Hay muchas aplicaciones para el caso, como habrá diversas líneas hermenéuticas, pero mentiría si dijera que se me ocurrieron otras sino éstas que digo. Y pensaba cómo aun cosas tan nobles, como el hierro y la tierra -supuesto que el sitio de aquel hierro no era el abrazo de la tierra-, merecen un lugar mejor. Es que lo tienen, sería mejor decir, y hasta lo esperan, sin que lo sepamos, y quizá se nos revela un día.

Y creía ver cómo las lágrimas hicieron de comadronas para que la tierra librara su tesoro de hierro. Como si la calle y la tierra y la piedra lo hubiera florecido, pensé. También me acordé de aquella convicción romana de que la iustissima tellus espera la societas laboriosa del hombre para parir sus frutos, que no dará si las lágrimas no lloran sobre la tierra y los liberan. Las lágrimas del cielo y las del hombre.
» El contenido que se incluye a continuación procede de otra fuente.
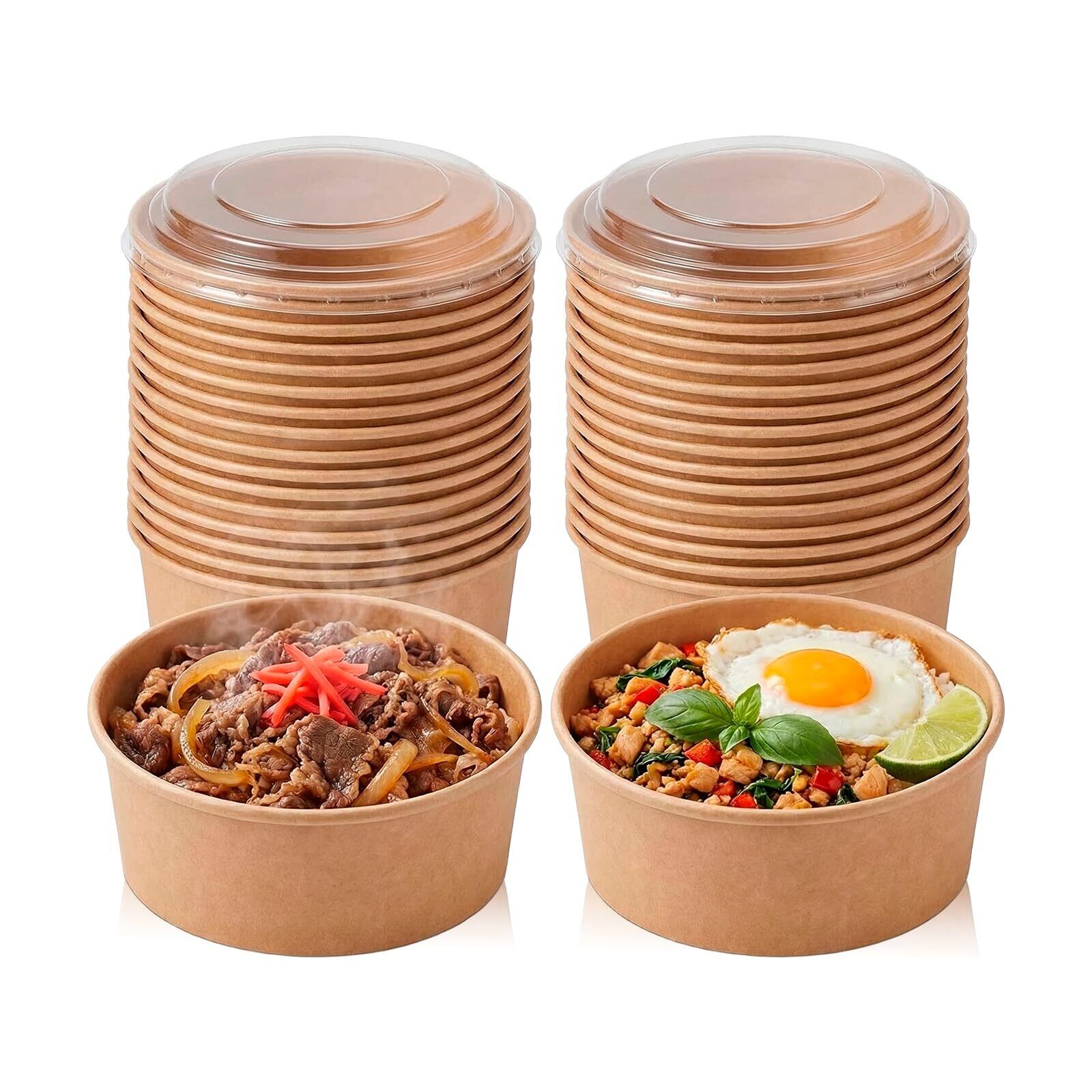 Asdays 使い捨て弁当箱 使い捨て どんぶり 使い捨て容器 蓋付き ランチボックス クラフト紙ボウル 紙皿 (750ml 30個セット)
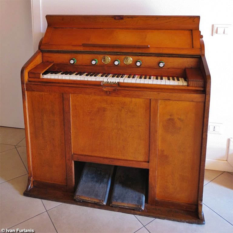 Located at the Parrochia di San Martino, Vigodarzere, Italy. Has 93 reeds and is a transposer. Bass/treble break at keys 29/30. Has a fixed 8'' bass.
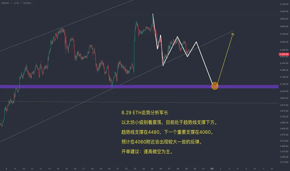 以太坊小级别看震荡,目前处于趋势线支撑下方。
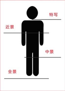 景别有五种类型:远景、全景、中景、近景、特写。一般以一个站立着的人来划分景别。全景指人体的全部及周围环境。中景指人体膝部以上。近景指人体胸部以上。特写指人体肩部以上。
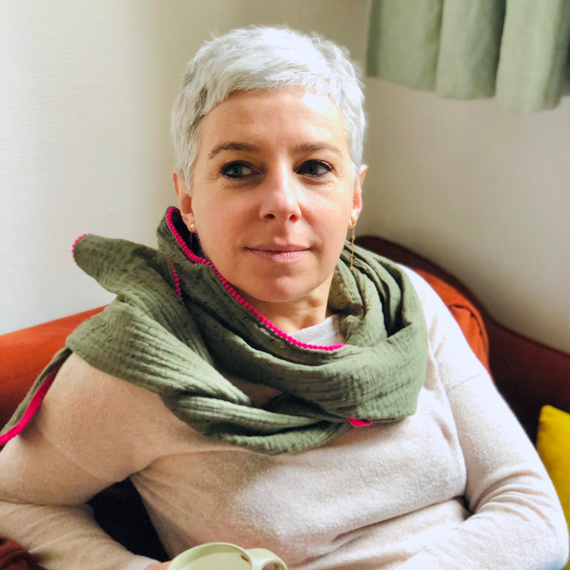 Foulard en double gaze de coton couleur kaki à motifs noirs rehaussé d'un galon pompons rose fushia en polyester. Doux, léger et agréable à porter.
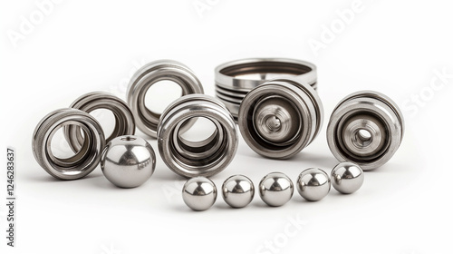 bearing, ball, ring, manufacturing, steel, stainless steel, industrial, closeup, isolated, white background, technical, engineering, technology, machinery, equipment, component, precision, high technology
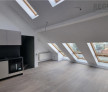 Mansarda spatioasa cu o buctarie utilata si un dormitor partial mobilat , cu priveliste de 360 de grade a centrului Brasovului.
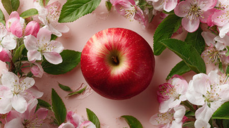 A fresh red apple sits in the center embraced by blooming pink flowers and green leaves.
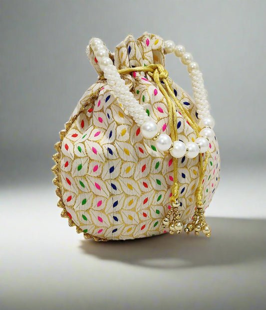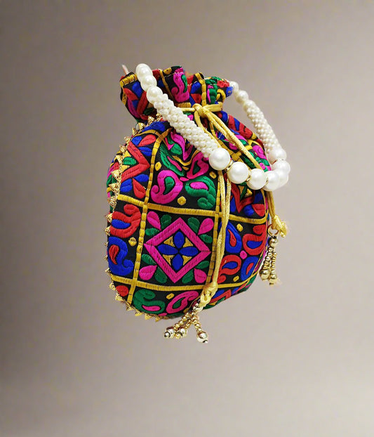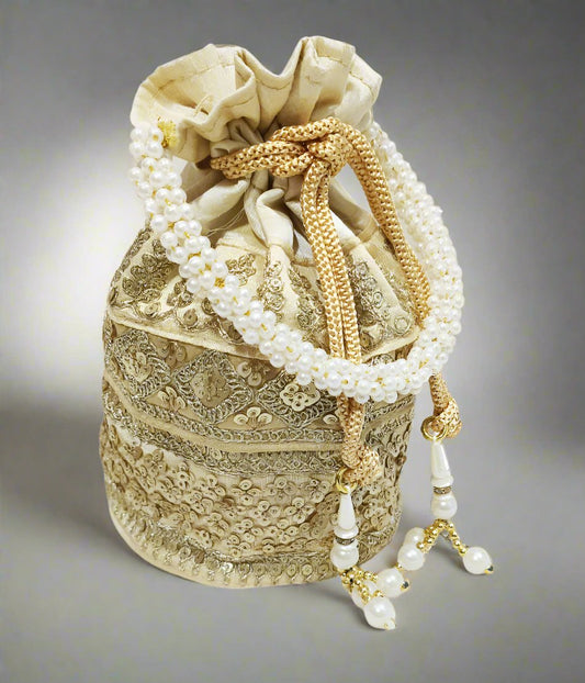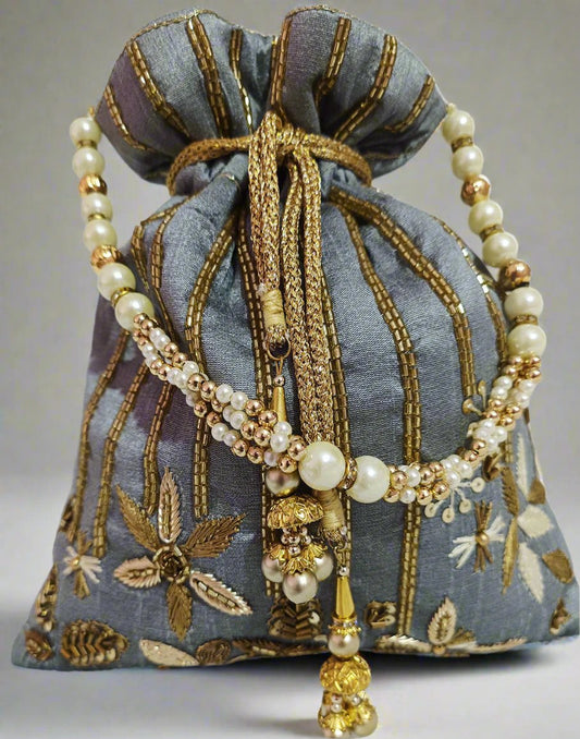 India has used potli bags since the beginning of time. These lovely bags have endured through the ages and are today acknowledged as a fashion accessory for all people, regardless of age or gender. In essence, potli bags are created from a luxurious fabric, preferably satin, velvet, or silk. The fabric is then decorated and fitted with a drawstring so that the bag may be opened and closed. These potli bags used to look straightforward. With these traditional bags becoming more and more popular, they are now embellished with Banaras or Kutch work, pearls, mirrors, beads, sequins, stones, and tassels attached to the drawstrings.
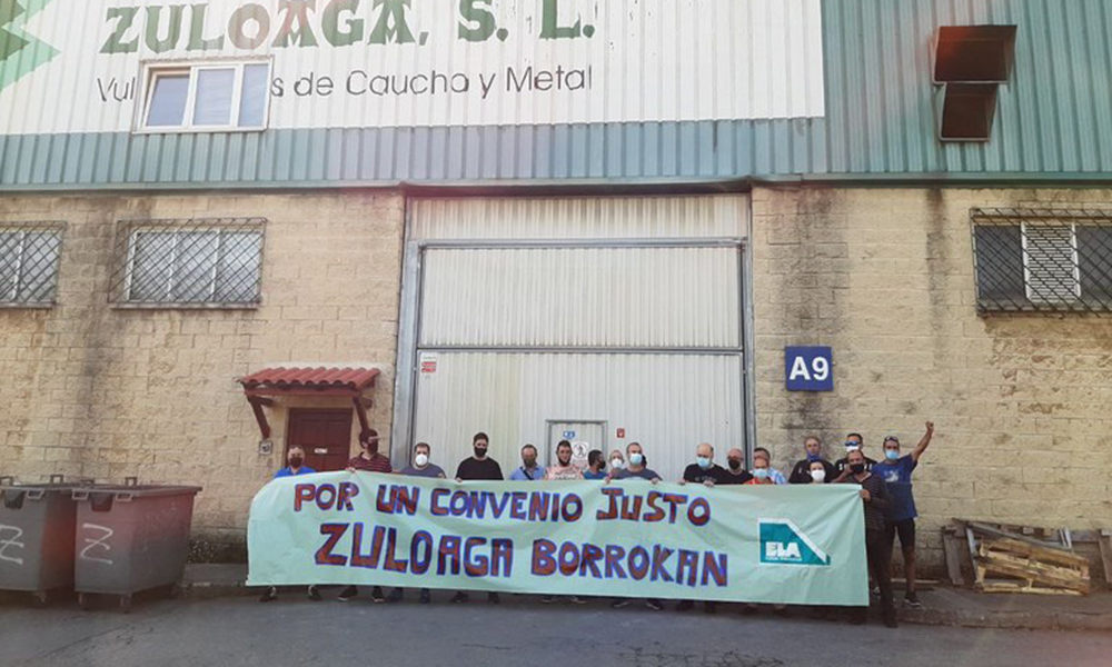 Ekainaren 28tik greba mugagabean daude Zaratamoko Vulcanizados Zuloaga S.L. enpresako 23 lagun. Udatik bueltan, egoeraren berri izateko ELA sindikatuarekin berba egiteko aukera izan du Geuriak: “Vulcanizados Zuloagak muzin egin zien langileen proposamenei eta langileek etengabeko mobilizazioak egin dituzte lantokiaren aurrean”, azaldu dute sindikatutik. ELAren arabera, Vulcanizados Zuloagako langileei kimikoen estatuko hitzarmena ezartzen zaie: “Gaur egungo Estatu mailako hitzarmen honek 1.050 euroko soldatak eta lan-baldintza txarrak dakarzkie enpresako langileei, eta gure proposamena hitzarmen propioa egitea litzateke”.

No sé si el lugar que ocupa ahora en mi escritorio es mejor que aquel lecho inexpugnable que solamente la lluvia abrió. Claro que podrán decir -bien que con cierto fatalismo- que su destino existencial era el que venía teniendo cuando lo vi por primera vez. Podrán decir incluso que descansaba en paz, después de una vida trabajada fijando los rieles de este mundo, para que el tren del mundo no se saliera de sus carriles. Pero podrían decir también, por lo mismo, que algo de su destino existencial se cumple una vez en mi mano: fatalismo por fatalismo. Tal vez arcano, misterio de predestinación. Como dirán tal vez que su vida de trabajo termina fatalmente en ornamento, suponiendo que es verdaderamente tal cosa su estancia en mi estancia. Y no lo es del todo, aunque el ornamento en todo el cosmos y en la vida de los hombres es algo y no poco ni vergonzoso ni culpable, mal que pese a los utilitaristas de toda laya.

A mí me luce lozano, ahora. No porque sea ahora de mi propiedad, sino, precisamente, porque parece libre, vivo. Más libre y ciertamente más vivo que una semana atrás. Tal vez porque su relación con el hombre lo vivifica y lo libra, y porque no estaba terminada aún su vocación a lo humano, aquella con la que nació. Podría haber sido una frustración existencial su cárcel de piedra y tierra, a veces barro. Podría serle una ignominia aquel cierto anonimato que ahora no tiene.

Y, siendo así, que hayan sido las lágrimas y la paciencia sus libertadores, que haya sido la lluvia persuasiva la que pudo lo que mi empeño no pudo enteramente, está bien.